PROBLEM DETAILS | Reproduce the records exactly. Leave the pictures out.

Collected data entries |
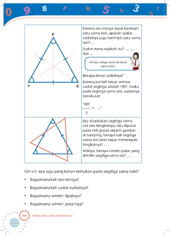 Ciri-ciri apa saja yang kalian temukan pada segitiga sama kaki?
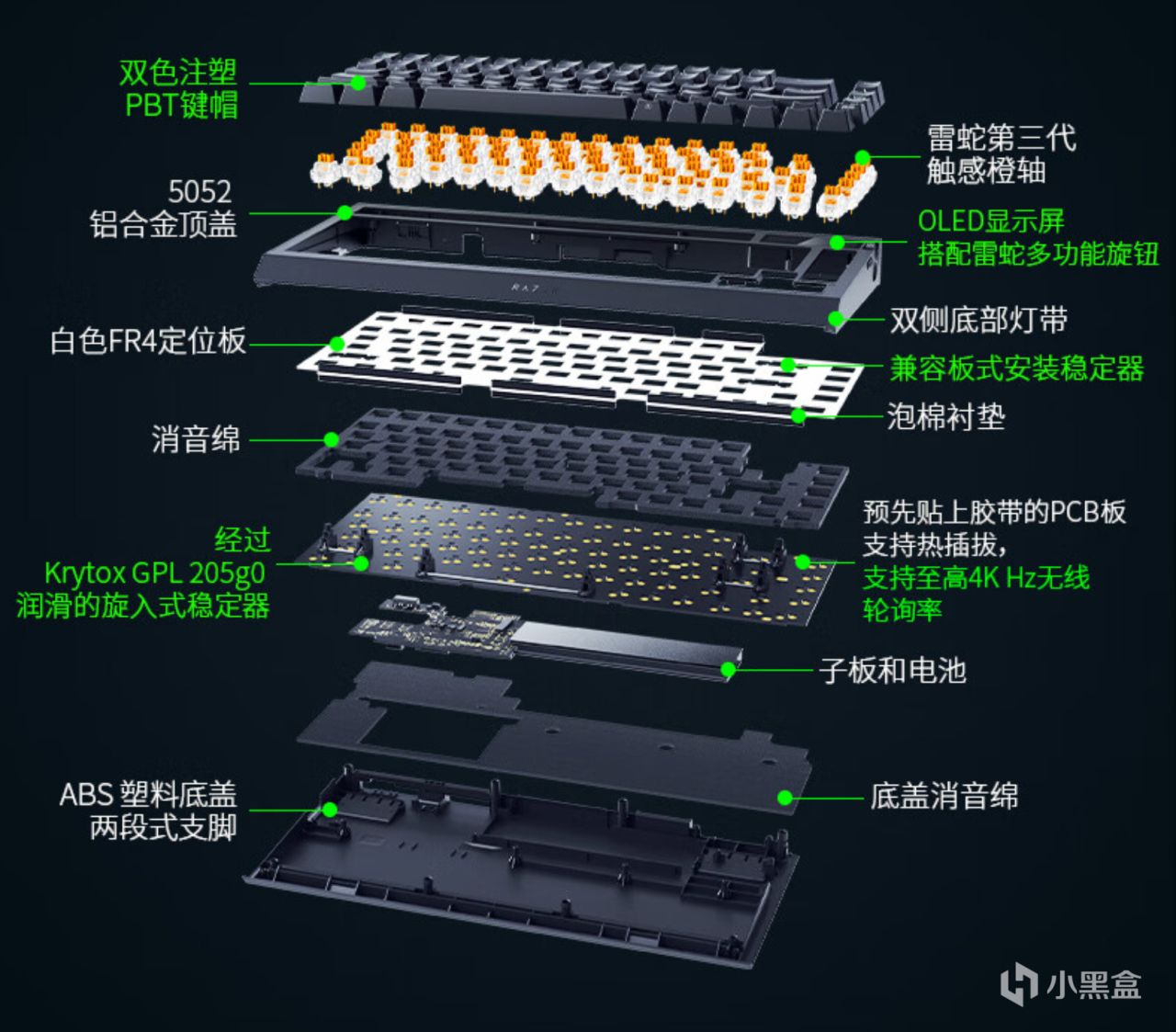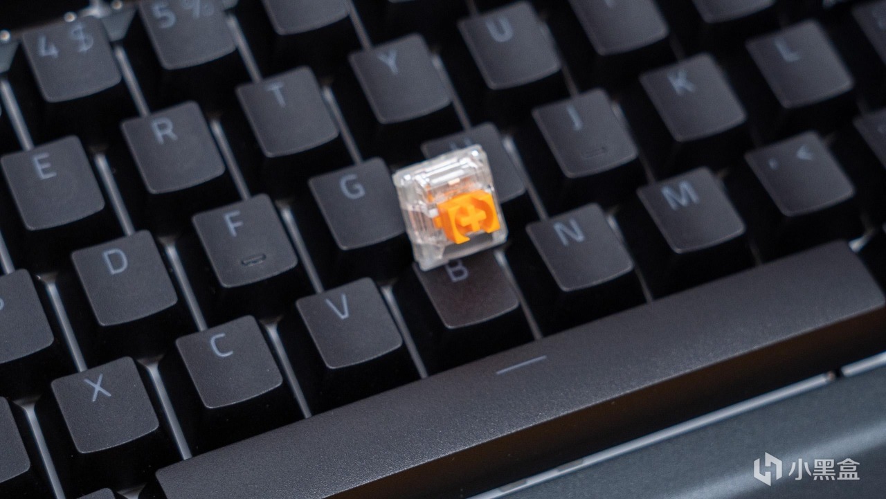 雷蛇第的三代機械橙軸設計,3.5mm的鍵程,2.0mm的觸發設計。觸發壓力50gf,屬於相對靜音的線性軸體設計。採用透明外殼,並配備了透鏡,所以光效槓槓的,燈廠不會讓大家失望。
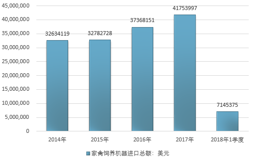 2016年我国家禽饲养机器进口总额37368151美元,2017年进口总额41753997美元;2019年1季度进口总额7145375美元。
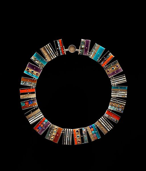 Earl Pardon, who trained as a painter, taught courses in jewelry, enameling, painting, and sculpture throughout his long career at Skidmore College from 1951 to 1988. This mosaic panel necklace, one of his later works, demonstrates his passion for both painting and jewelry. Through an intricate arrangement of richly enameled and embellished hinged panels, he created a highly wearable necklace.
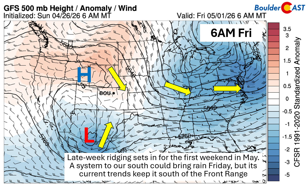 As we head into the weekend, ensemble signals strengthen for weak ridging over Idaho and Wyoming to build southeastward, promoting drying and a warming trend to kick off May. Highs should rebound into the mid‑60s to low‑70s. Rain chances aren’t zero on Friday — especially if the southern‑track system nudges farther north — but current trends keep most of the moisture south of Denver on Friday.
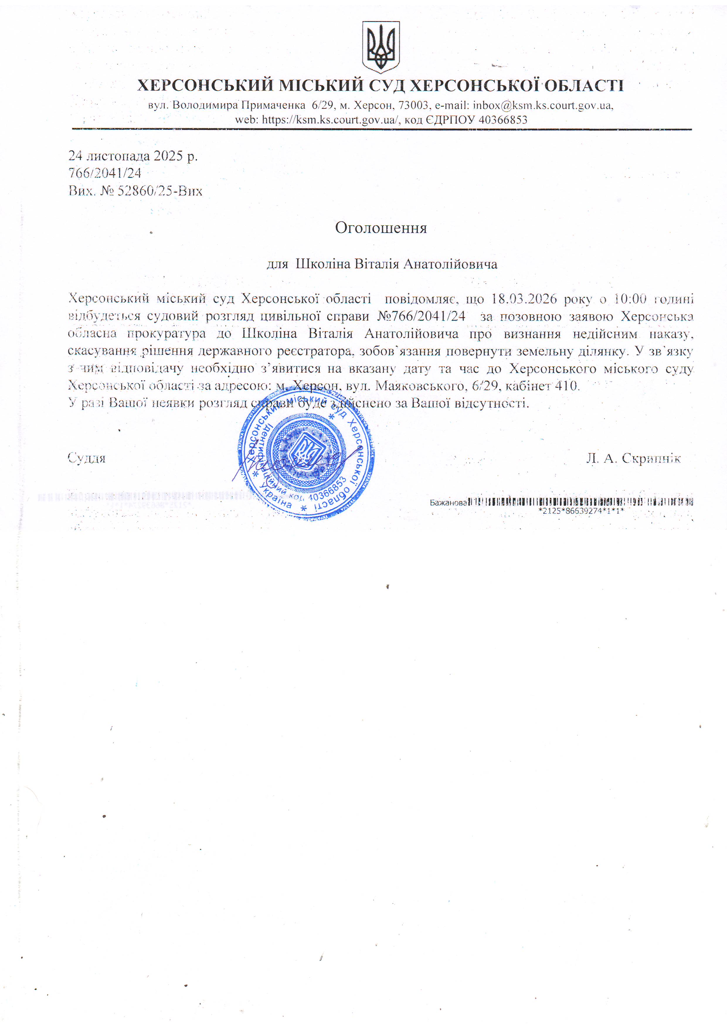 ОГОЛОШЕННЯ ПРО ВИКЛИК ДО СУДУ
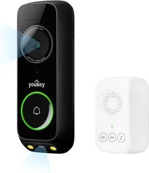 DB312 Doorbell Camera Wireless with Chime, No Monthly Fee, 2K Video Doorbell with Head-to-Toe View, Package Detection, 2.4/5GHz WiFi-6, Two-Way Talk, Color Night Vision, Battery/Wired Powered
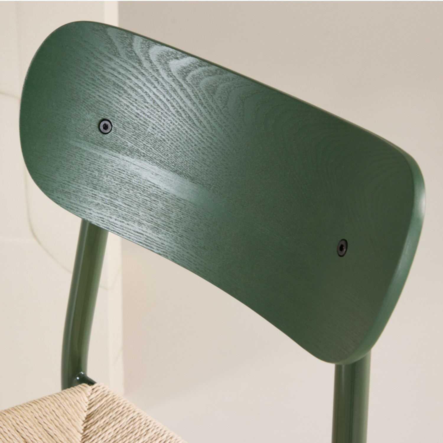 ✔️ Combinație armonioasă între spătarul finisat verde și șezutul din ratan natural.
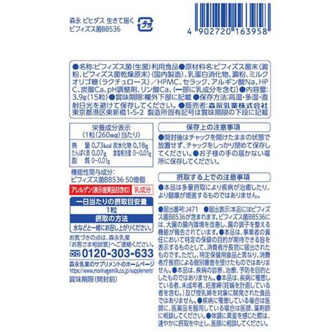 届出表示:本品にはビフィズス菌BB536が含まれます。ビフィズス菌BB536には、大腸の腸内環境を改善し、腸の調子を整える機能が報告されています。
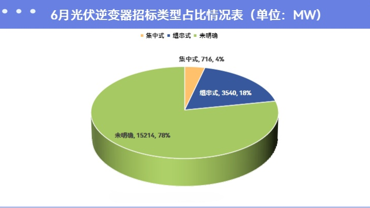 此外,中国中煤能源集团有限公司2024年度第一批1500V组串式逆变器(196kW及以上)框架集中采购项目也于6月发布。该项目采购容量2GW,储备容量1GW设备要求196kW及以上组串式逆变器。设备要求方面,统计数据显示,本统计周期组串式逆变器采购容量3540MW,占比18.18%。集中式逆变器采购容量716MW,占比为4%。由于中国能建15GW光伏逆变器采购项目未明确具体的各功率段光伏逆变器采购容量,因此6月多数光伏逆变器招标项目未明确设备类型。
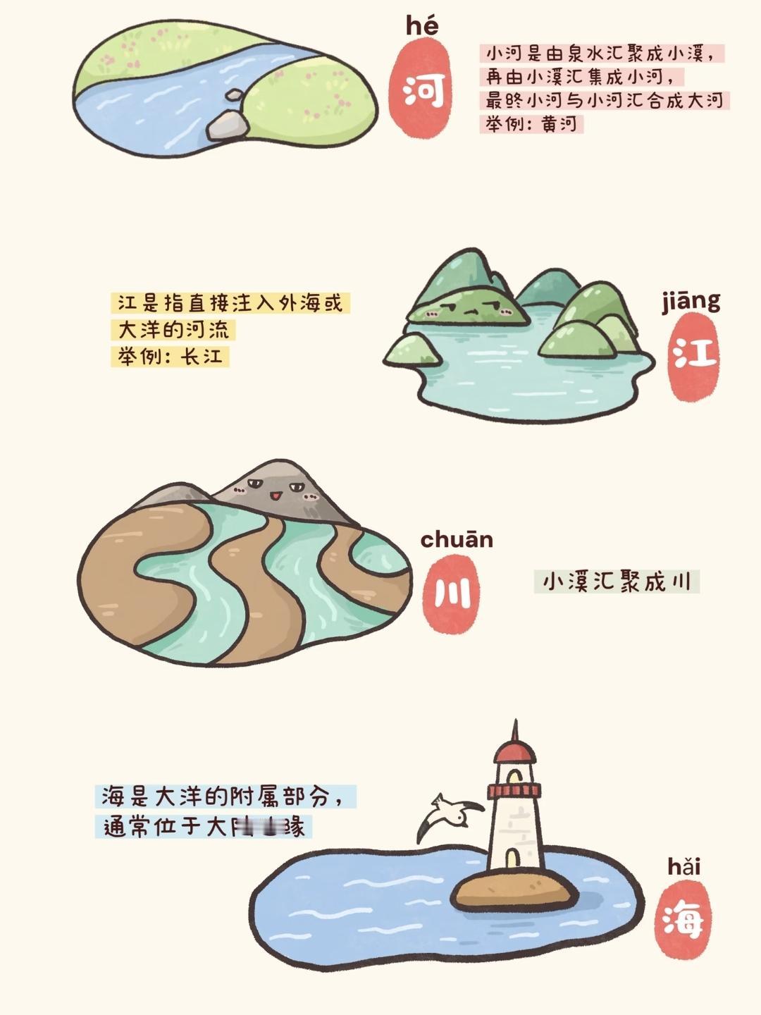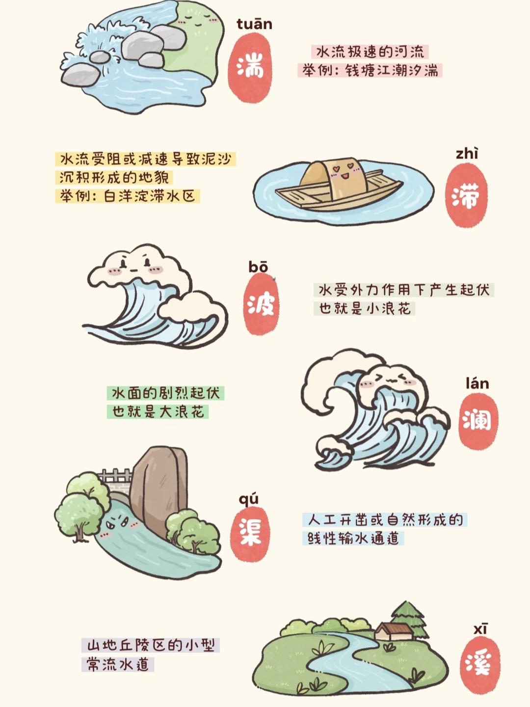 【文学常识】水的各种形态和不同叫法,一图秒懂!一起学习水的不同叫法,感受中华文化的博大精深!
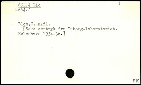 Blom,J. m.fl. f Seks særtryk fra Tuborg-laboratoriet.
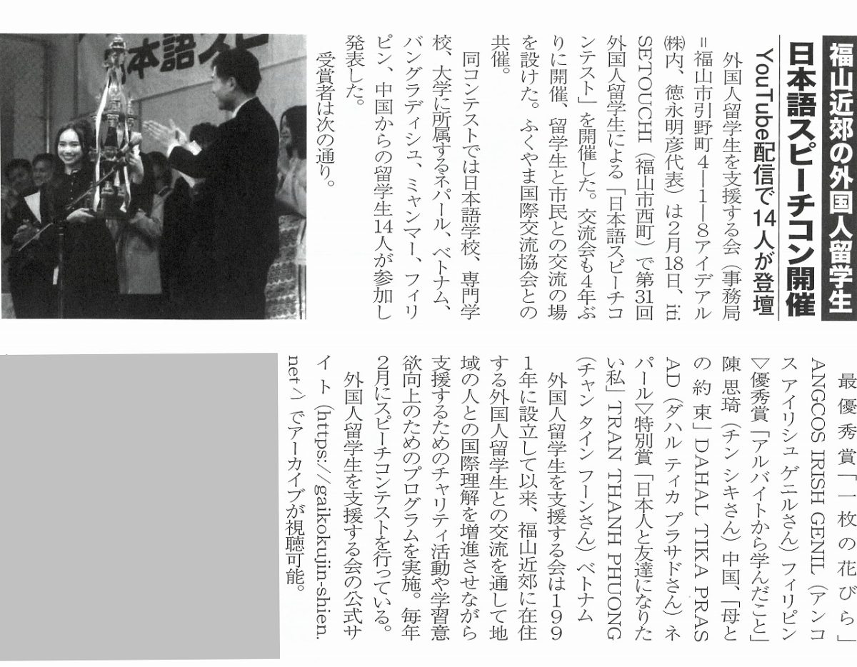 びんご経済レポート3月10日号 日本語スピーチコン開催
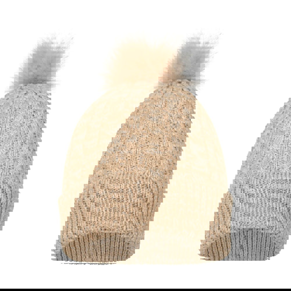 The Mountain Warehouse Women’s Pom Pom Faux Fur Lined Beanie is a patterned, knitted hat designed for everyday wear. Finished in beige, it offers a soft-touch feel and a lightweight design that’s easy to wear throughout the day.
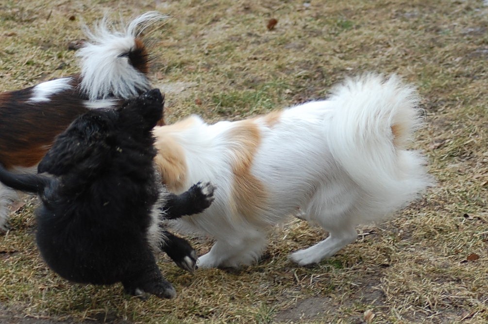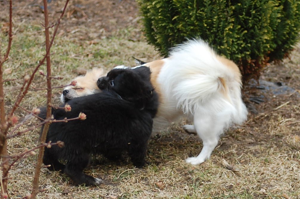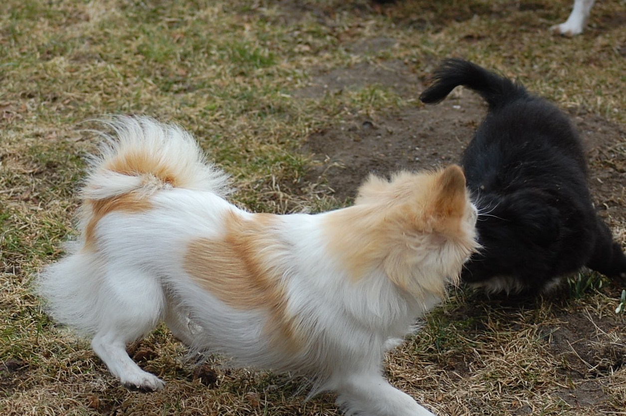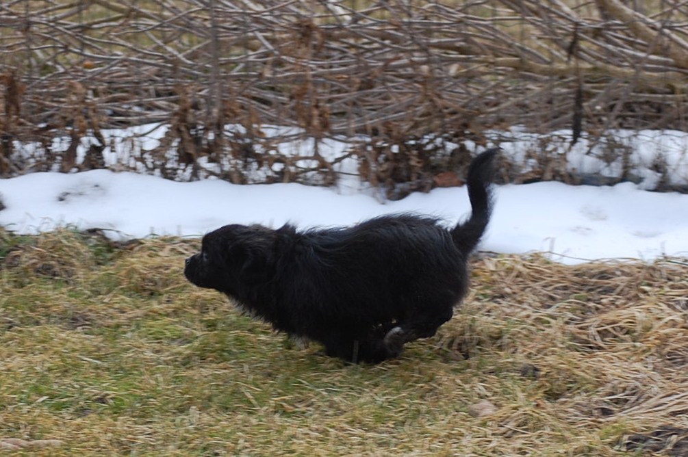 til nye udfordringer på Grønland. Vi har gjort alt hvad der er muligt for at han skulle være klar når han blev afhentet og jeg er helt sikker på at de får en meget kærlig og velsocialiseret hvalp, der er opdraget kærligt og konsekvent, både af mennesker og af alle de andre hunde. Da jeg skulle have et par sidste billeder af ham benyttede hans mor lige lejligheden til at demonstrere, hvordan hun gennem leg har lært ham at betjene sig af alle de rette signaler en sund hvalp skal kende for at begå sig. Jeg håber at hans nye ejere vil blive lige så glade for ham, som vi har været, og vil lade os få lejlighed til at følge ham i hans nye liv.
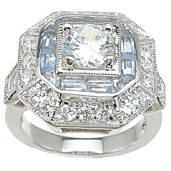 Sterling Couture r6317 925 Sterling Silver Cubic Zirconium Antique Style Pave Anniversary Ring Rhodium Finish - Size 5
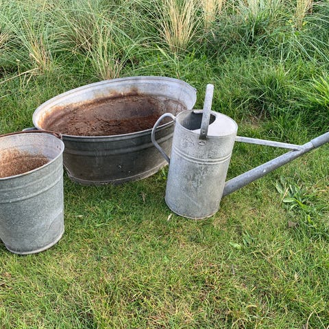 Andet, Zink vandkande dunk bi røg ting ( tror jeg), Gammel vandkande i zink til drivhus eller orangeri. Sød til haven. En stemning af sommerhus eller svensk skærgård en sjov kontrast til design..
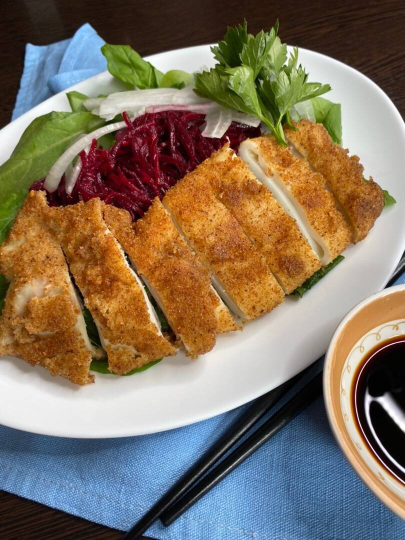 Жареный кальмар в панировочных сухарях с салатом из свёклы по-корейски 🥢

EXERCISE SOLUTION |
 Ciri-ciri apa saja yang kalian temukan pada segitiga sama kaki?
 雷蛇第的三代機械橙軸設計,3.5mm的鍵程,2.0mm的觸發設計。觸發壓力50gf,屬於相對靜音的線性軸體設計。採用透明外殼,並配備了透鏡,所以光效槓槓的,燈廠不會讓大家失望。
 2016年我国家禽饲养机器进口总额37368151美元,2017年进口总额41753997美元;2019年1季度进口总额7145375美元。
 Earl Pardon, who trained as a painter, taught courses in jewelry, enameling, painting, and sculpture throughout his long career at Skidmore College from 1951 to 1988. This mosaic panel necklace, one of his later works, demonstrates his passion for both painting and jewelry. Through an intricate arrangement of richly enameled and embellished hinged panels, he created a highly wearable necklace.
 As we head into the weekend, ensemble signals strengthen for weak ridging over Idaho and Wyoming to build southeastward, promoting drying and a warming trend to kick off May. Highs should rebound into the mid‑60s to low‑70s. Rain chances aren’t zero on Friday — especially if the southern‑track system nudges farther north — but current trends keep most of the moisture south of Denver on Friday.
 ОГОЛОШЕННЯ ПРО ВИКЛИК ДО СУДУ
 DB312 Doorbell Camera Wireless with Chime, No Monthly Fee, 2K Video Doorbell with Head-to-Toe View, Package Detection, 2.4/5GHz WiFi-6, Two-Way Talk, Color Night Vision, Battery/Wired Powered
 ✔️ Combinație armonioasă între spătarul finisat verde și șezutul din ratan natural.
 届出表示:本品にはビフィズス菌BB536が含まれます。ビフィズス菌BB536には、大腸の腸内環境を改善し、腸の調子を整える機能が報告されています。
 此外,中国中煤能源集团有限公司2024年度第一批1500V组串式逆变器(196kW及以上)框架集中采购项目也于6月发布。该项目采购容量2GW,储备容量1GW设备要求196kW及以上组串式逆变器。设备要求方面,统计数据显示,本统计周期组串式逆变器采购容量3540MW,占比18.18%。集中式逆变器采购容量716MW,占比为4%。由于中国能建15GW光伏逆变器采购项目未明确具体的各功率段光伏逆变器采购容量,因此6月多数光伏逆变器招标项目未明确设备类型。
 【文学常识】水的各种形态和不同叫法,一图秒懂!一起学习水的不同叫法,感受中华文化的博大精深!
 Blom,J. m.fl. f Seks særtryk fra Tuborg-laboratoriet.
 びんご経済レポート3月10日号 日本語スピーチコン開催
 The Mountain Warehouse Women’s Pom Pom Faux Fur Lined Beanie is a patterned, knitted hat designed for everyday wear. Finished in beige, it offers a soft-touch feel and a lightweight design that’s easy to wear throughout the day.
 til nye udfordringer på Grønland. Vi har gjort alt hvad der er muligt for at han skulle være klar når han blev afhentet og jeg er helt sikker på at de får en meget kærlig og velsocialiseret hvalp, der er opdraget kærligt og konsekvent, både af mennesker og af alle de andre hunde. Da jeg skulle have et par sidste billeder af ham benyttede hans mor lige lejligheden til at demonstrere, hvordan hun gennem leg har lært ham at betjene sig af alle de rette signaler en sund hvalp skal kende for at begå sig. Jeg håber at hans nye ejere vil blive lige så glade for ham, som vi har været, og vil lade os få lejlighed til at følge ham i hans nye liv.
 Sterling Couture r6317 925 Sterling Silver Cubic Zirconium Antique Style Pave Anniversary Ring Rhodium Finish - Size 5
 Andet, Zink vandkande dunk bi røg ting ( tror jeg), Gammel vandkande i zink til drivhus eller orangeri. Sød til haven. En stemning af sommerhus eller svensk skærgård en sjov kontrast til design..
 Жареный кальмар в панировочных сухарях с салатом из свёклы по-корейски 🥢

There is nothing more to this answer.